Dataset entries

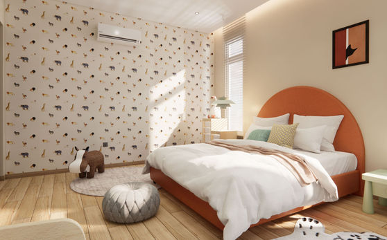 The boy's room exhibits a gray neutral style, with contrasting shades utilized for the desk, wall, and cabinets, adding depth to the overall space. The girl's room features a wine-red color scheme at the head of the bed, complemented by elegant woodgrain elements.
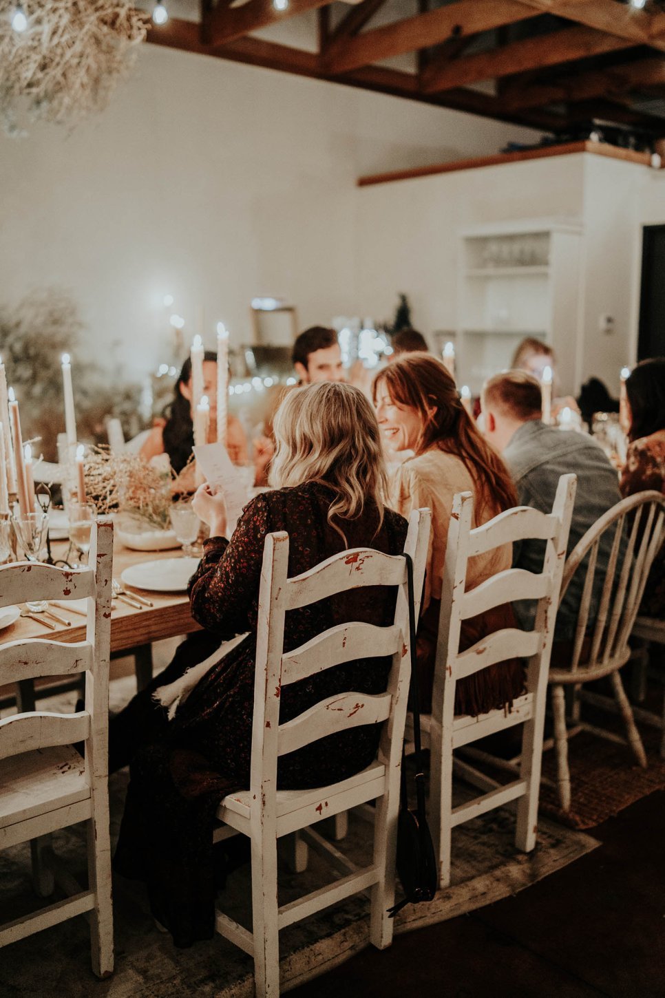 As part of our Camp VR: Winter Edition, we’re leaning into that same nostalgic pull of everything cozy, fireside, and camp-coded during the colder months. Years ago, we at Venue Report hosted a holiday soirée inspired by a similar Wild West frontier, campsite mood. Guests arrived in western-meets-dinner party chic holiday party attire and entered a space designed to feel as if the outdoors had been brought in: wild brambles, roses, and tumbleweeds encircled three long whitewashed feasting tables, vintage mismatched chairs framed the room, and 80 taper candles blazed down the center casting a warm, flickering glow like a campfire and illuminating the space like lanterns guiding travelers along a frontier trail.
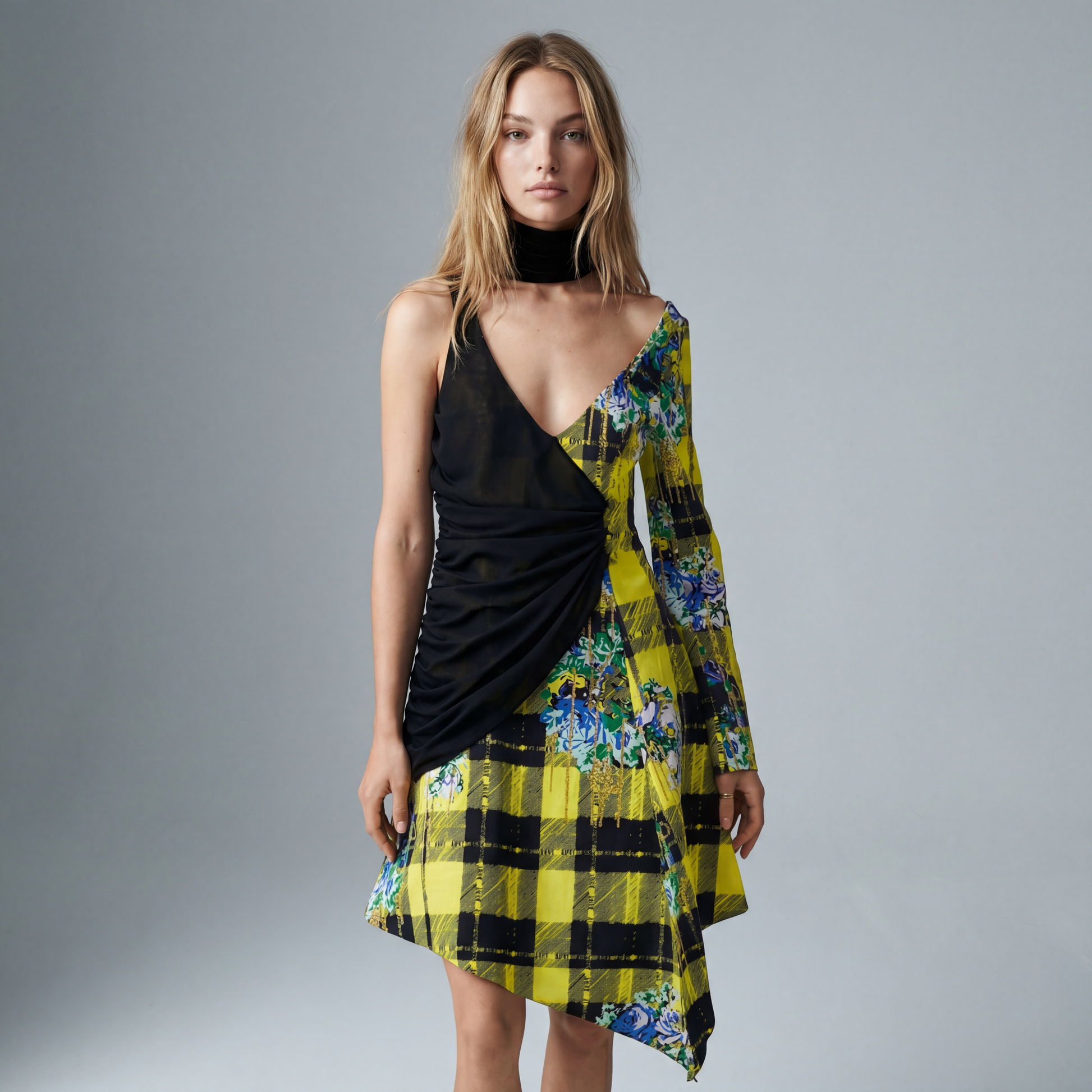 •This mixed media print blocked dress gives a striking finish with this seasons bouquet plaid print crafted on paper canvas, and fine mesh drapery. Heavy roached detailing side seams adds depth and interest. Neckline is adorned with mesh neckband adding vintage femininity. This garment meets the highest demands and aligns with Abel Honor’s standards.
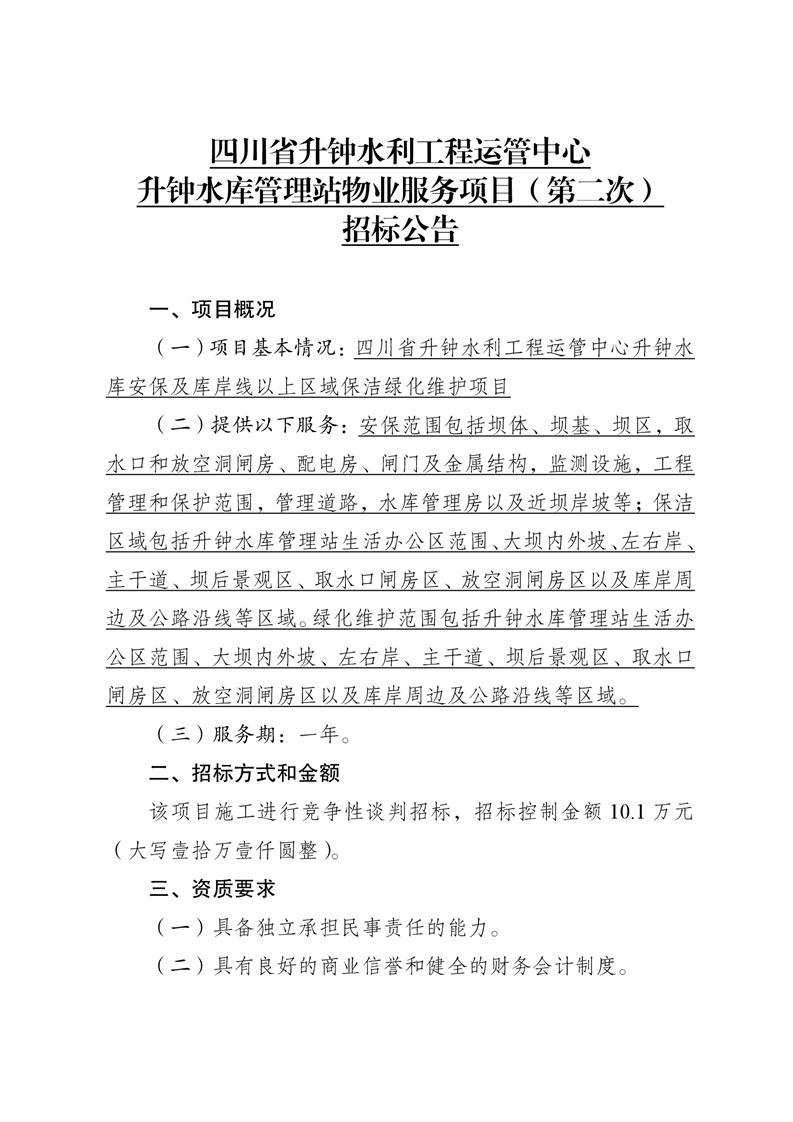 升鐘水庫水庫管理站物業(yè)服務項目(第二次)招標公告
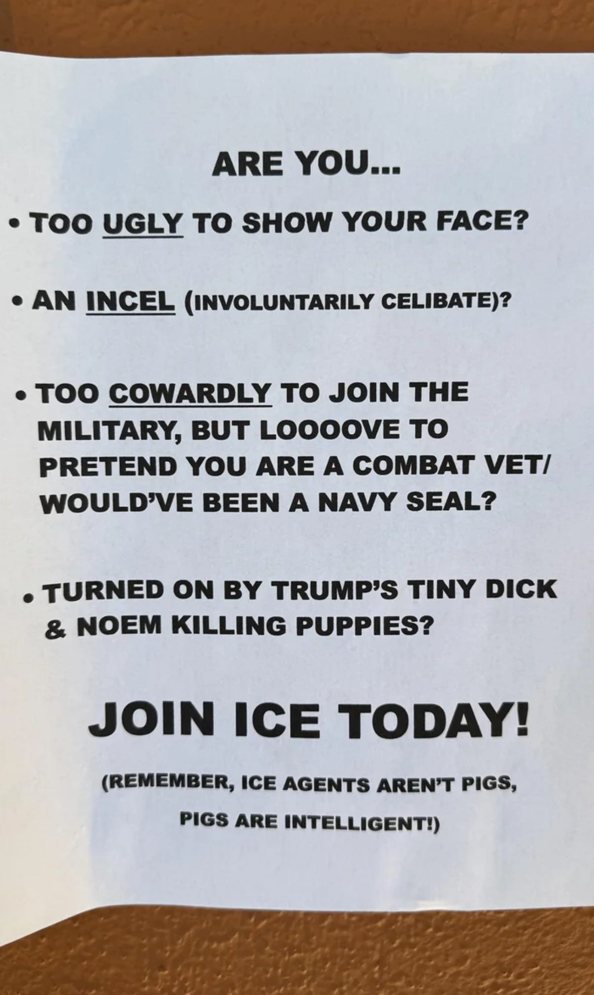 Oh well. If these MAGA farmers do go bankrupt, they can always join ICE. Their ads and commercials are being plastered everywhere now. This one was seen in San Diego:
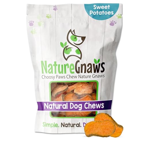 Introducing Nature Gnaws Sweet Potato Chips for Dogs – a single-ingredient, 100% natural, vegetarian and vegan chew treat that’s perfect for your dog. Whether you’re looking to enhance training sessions or offer a delightful reward, these chips are crafted for both taste and health. Their satisfying texture and rich flavor make them an ideal choice to motivate your furry friend during training activities. This chips also contribute to dental hygiene by effectively reducing plaque and tartar buildup, promoting healthier teeth and gums. Give your beloved companion the best of both worlds with Nature Gnaws.
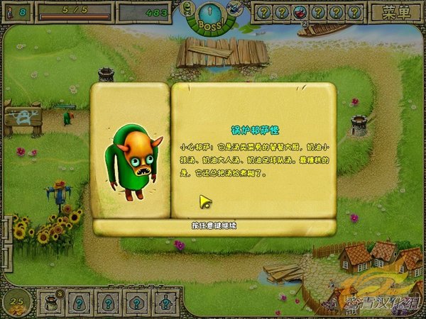 土豆怪兽(Monster Mash)是一款塔防(Tower defense)游戏,故事发生在原本安静的蜿蜒山谷中,突然袭来的怪物打破了村庄的宁静,玩家必须利用地形打造防御工事来保卫村庄.
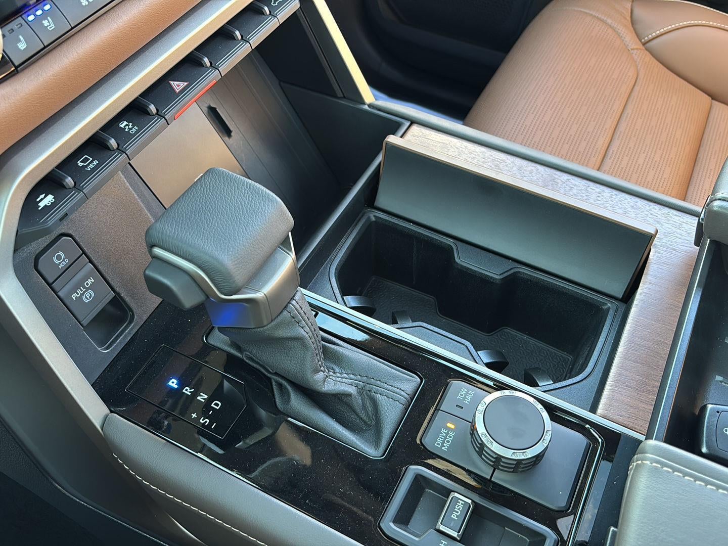 - Fixed center console with gated shift lever, driving controls, four cup holders, and center storage bin

▶ **Description of the task**:
Restate word for word the lines of the data above that begin at the line with "升鐘水庫水庫管理站物業(yè)服務項目(第二次)招標公告" and end at the line with "Oh well. If", keeping both ends and dropping every picture.

▶ **Response area**:
 升鐘水庫水庫管理站物業(yè)服務項目(第二次)招標公告
 Oh well. If these MAGA farmers do go bankrupt, they can always join ICE. Their ads and commercials are being plastered everywhere now. This one was seen in San Diego:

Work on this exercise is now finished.